• Exercise goal: Look through the data below for the line with "This show shirt", and transcribe it exactly together with each line after it up to and including the line with "会议开始,党委书记张蕾对学务". Give nothing else.

• Data for processing:
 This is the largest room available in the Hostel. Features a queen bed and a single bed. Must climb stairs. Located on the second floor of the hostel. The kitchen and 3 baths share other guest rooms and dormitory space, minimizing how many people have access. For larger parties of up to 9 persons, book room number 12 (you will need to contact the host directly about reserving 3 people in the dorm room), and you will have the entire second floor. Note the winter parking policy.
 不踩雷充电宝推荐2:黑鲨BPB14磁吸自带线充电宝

--

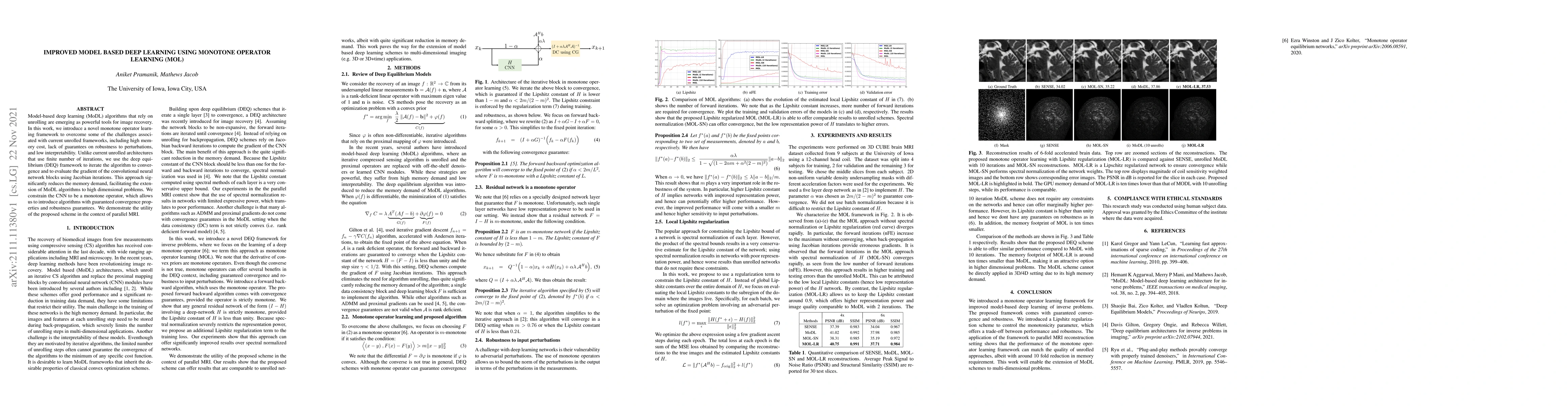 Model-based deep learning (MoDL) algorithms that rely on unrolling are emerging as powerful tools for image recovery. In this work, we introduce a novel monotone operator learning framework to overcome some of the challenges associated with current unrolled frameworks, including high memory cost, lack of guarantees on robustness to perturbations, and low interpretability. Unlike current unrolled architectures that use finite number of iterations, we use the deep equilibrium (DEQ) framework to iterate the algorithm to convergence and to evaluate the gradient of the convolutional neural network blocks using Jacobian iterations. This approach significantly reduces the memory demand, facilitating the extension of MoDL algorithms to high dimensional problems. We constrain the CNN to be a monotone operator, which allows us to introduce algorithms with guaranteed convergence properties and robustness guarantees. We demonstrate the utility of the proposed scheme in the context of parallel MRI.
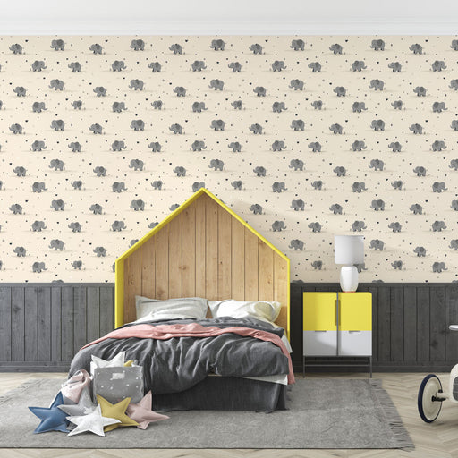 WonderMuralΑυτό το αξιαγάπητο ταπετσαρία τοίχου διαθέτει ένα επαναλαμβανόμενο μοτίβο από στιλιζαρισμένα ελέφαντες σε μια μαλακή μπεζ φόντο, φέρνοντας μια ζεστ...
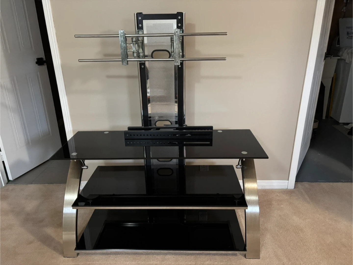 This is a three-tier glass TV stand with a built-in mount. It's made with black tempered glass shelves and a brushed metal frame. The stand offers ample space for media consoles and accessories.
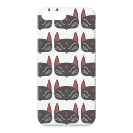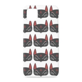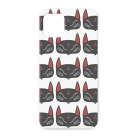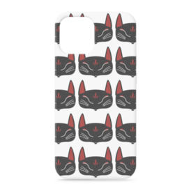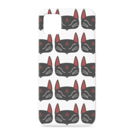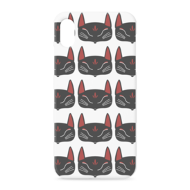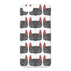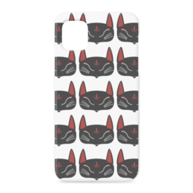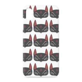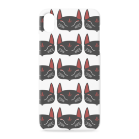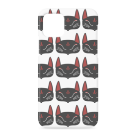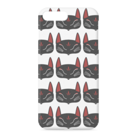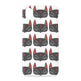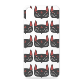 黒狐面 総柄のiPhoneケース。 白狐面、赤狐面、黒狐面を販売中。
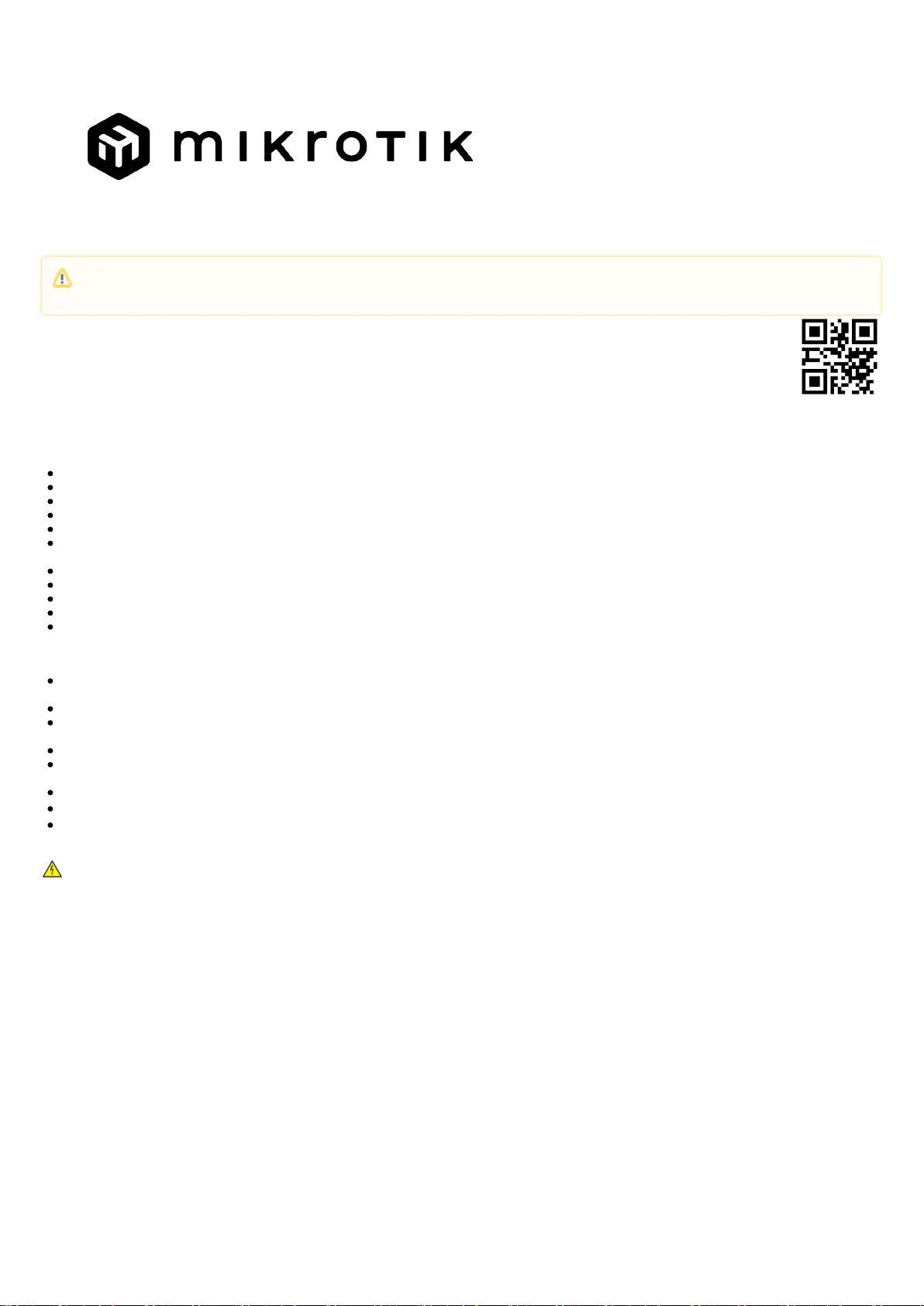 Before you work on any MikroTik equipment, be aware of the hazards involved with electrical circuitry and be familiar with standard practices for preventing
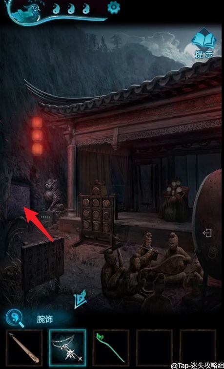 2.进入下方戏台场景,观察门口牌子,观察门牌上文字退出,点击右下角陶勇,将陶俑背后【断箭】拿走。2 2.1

--

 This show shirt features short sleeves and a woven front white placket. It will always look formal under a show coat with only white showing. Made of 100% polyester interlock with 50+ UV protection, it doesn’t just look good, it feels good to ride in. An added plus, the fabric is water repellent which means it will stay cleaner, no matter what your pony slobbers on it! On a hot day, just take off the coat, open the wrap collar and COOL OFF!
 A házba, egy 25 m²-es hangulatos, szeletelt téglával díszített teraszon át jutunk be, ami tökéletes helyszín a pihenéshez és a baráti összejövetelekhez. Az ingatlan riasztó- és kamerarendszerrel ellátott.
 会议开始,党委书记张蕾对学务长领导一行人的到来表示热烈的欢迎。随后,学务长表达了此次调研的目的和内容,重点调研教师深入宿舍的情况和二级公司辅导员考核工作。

• Solved problem:
 This show shirt features short sleeves and a woven front white placket. It will always look formal under a show coat with only white showing. Made of 100% polyester interlock with 50+ UV protection, it doesn’t just look good, it feels good to ride in. An added plus, the fabric is water repellent which means it will stay cleaner, no matter what your pony slobbers on it! On a hot day, just take off the coat, open the wrap collar and COOL OFF!
 A házba, egy 25 m²-es hangulatos, szeletelt téglával díszített teraszon át jutunk be, ami tökéletes helyszín a pihenéshez és a baráti összejövetelekhez. Az ingatlan riasztó- és kamerarendszerrel ellátott.
 会议开始,党委书记张蕾对学务长领导一行人的到来表示热烈的欢迎。随后,学务长表达了此次调研的目的和内容,重点调研教师深入宿舍的情况和二级公司辅导员考核工作。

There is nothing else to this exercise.